DATASET: Begin

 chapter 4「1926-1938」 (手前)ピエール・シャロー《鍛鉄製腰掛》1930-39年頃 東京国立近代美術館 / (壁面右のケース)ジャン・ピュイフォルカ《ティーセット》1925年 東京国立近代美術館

DATASET: End
DATASET: Begin

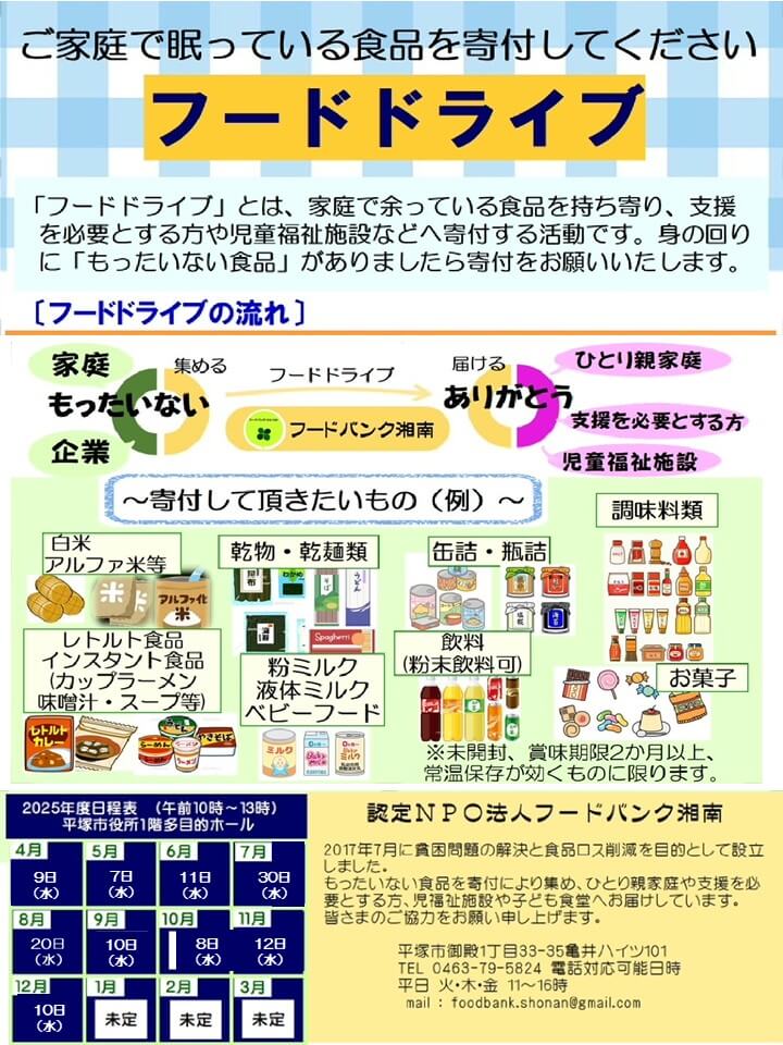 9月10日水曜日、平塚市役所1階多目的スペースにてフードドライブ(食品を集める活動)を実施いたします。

DATASET: End
DATASET: Begin

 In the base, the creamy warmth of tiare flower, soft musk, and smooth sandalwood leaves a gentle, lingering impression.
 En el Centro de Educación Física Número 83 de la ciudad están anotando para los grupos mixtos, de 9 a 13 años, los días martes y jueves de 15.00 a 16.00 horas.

DATASET: End

**EXERCISE DETAILS:**
Starting at the line that contains "In the base, the" and stopping after the line that contains "En el Centro", write out every line exactly as it appears above, and no other line.

**EXERCISE ANSWER:**
 In the base, the creamy warmth of tiare flower, soft musk, and smooth sandalwood leaves a gentle, lingering impression.
 En el Centro de Educación Física Número 83 de la ciudad están anotando para los grupos mixtos, de 9 a 13 años, los días martes y jueves de 15.00 a 16.00 horas.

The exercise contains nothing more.